Ces dernières années, la Belgique connaît une véritable montée de l'islamisme et les autorités ne mesurent pas l’ampleur du phénomène, affirme dans une interview à Marianne Fadila Maaroufi, militante belge et fondatrice de l'Observatoire des fondamentalismes à Bruxelles.
«Il y avait eu les attentats de Paris et les attentats de Bruxelles et pourtant, j'avais le sentiment qu'on ne prenait toujours pas la mesure du problème», avance-t-elle.
La monté de l’islamisme a eu lieu progressivement, note-t-elle: «Dans les années 1980, c'était encore assez cosmopolite. Puis, petit à petit, on a vu les populations belgo-belges s'en aller. J'ai été témoin de la montée de l'islamisme, mes sœurs sont voilées alors que mes parents portaient des pantalons pattes d’éléphants» à Cureghem, un quartier de Bruxelles situé à côté de Molenbeek.
D’après les estimations de Corinne Torrekens, professeure de science politique à l'Université libre de Bruxelles, le pays recensait en 2018 environ 600.000 personnes musulmanes, dont 10% ne sont pas pratiquantes, pour une population totale de 11,5 millions d’habitants.

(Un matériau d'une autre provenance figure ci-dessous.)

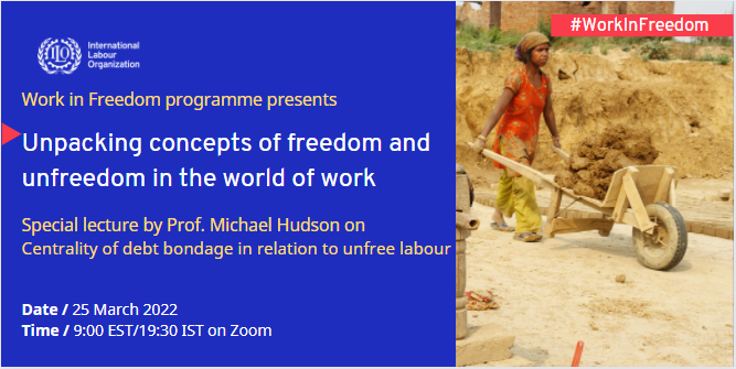 @ILO 's#WorkInFreedom & Prof Michael Hudson for a special lecture on "Centrality of Debt Bondage in relation to unfree labour" on March 25, 2022 at 9 am EST. More info: https://bit.ly/360C0sF Register: https://bit.ly/3KlW871 https://twitter.com/iloarabstates/status/1504092719051907079 …
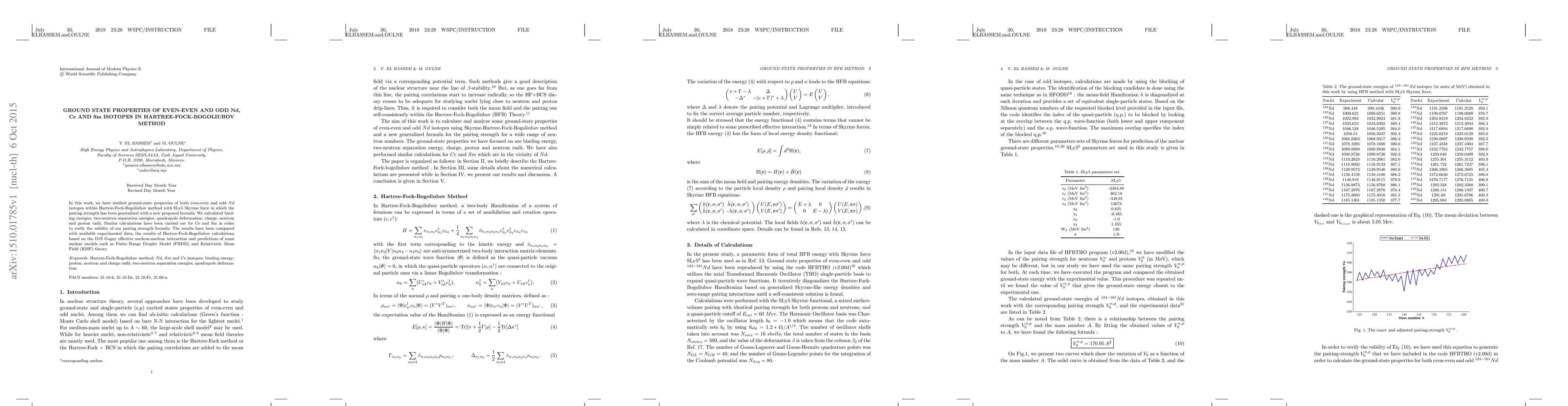 This paper investigates the ground state properties of even-even and odd Nd isotopes using the Hartree-Fock-Bogoliubov method with a new pairing strength formula. Results for binding energies, separation energies, deformation, and radii are compared with experimental data and other nuclear models.
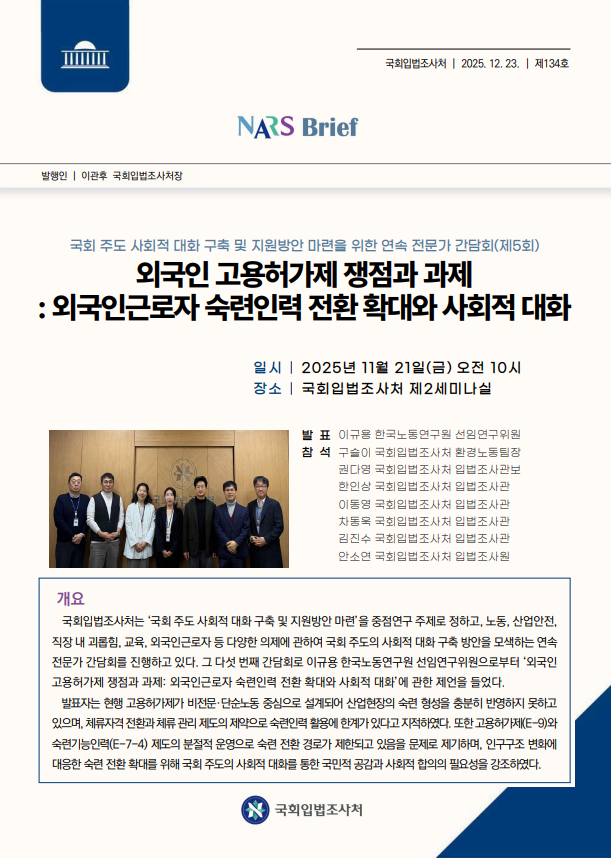 외국인 고용허가제 쟁점과 과제 : 외국인근로자 숙련인력 전환 확대와 사회적 대화 : 국회 주도 사회적 대화 구축 및 지원방안 마련을 위한 연속 전문가 간담회(제5회)

«Il était devenu inconcevable que je ne me voile pas. […] J'ai aussi constaté combien il était devenu difficile de parler, par exemple, des violences intrafamiliales dès lors qu'il s'agissait de communautés musulmanes. Cette montée de l'islamisme m'a beaucoup préoccupée», avoue Fadila Maaroufi.
Radicalisme belge
Selon les données du ministère belge de l’Intérieur, si la police fédérale avait enregistré en 2010 149 cas de terrorisme, extrémisme et radicalisme, en 2020 cette proportion a augmenté de 64% pour atteindre 245.
L’année dernière, Paul Van Tigchelt, patron de l'Organe de Coordination pour l'Analyse de la Menace (OCAM), a fait savoir dans une interview à RTBF que les services de sécurité et de renseignement avaient développé une liste répertoriant des radicalisés en Belgique. 700 personnes y sont inscrites.
«Malheureusement, rapporté à sa population, la Belgique a produit plus de terroristes et de djihadistes que tous les autres pays d'Europe, y compris la France», a déclaré en 2018 au Figaro Alain Destexhe, ex-sénateur et fondateur du parti Libéraux démocrates, trois ans après les attentats du 13 novembre 2015 à Paris. Des attaques planifiées depuis Molenbeek.
L’affaire Haouach
Ces dernières semaines les débats sur la neutralité de l’État se sont enflammés en Belgique à cause des remarques d’Ihsane Haouach, représentante du gouvernement pour l'égalité des femmes et des hommes, nommée à ce poste en mai. Elle est devenue la première personne voilée à occuper cette fonction.
Début juillet, dans une interview au journal Le Soir, elle a déclaré que la séparation de l’Église et de l’État devait refléter l’évolution démographique et le nombre croissant de musulmans en Belgique: «La discussion n'est pas: est-ce qu'on remet en cause la séparation de l'Église et de l'État ? C'est: comment la décline-t-on avec un changement démographique».
Dans le contexte de la polémique engendrée, la presse belge a exhumé une interview d’Ihsane Haouach accordée au «European forum of Muslim Women», organisation liée aux Frères musulmans*. Elle y regrettait qu'il n'y ait pas «de véritable lobby» musulman, que la communauté musulmane soit «à la traîne» même si elle est «une réelle force politique».
Sous la pression des critiques, elle a donné vendredi 10 juillet sa démission en arguant des raisons personnelles et le cyberharcèlement. Ce 12 juillet plusieurs médias belges ont évoqué un rapport de la Sûreté de l’État présenté au Premier ministre Alexandre De Croo, selon lequel l’intéressée aurait côtoyé des membres des Frères musulmans*.
Pour Fadila Maaroufi, ce mouvement est la cause de nombreux problèmes: «L'influence des Frères musulmans* à Molenbeek et plus généralement en Belgique a commencé à fabriquer des islamistes».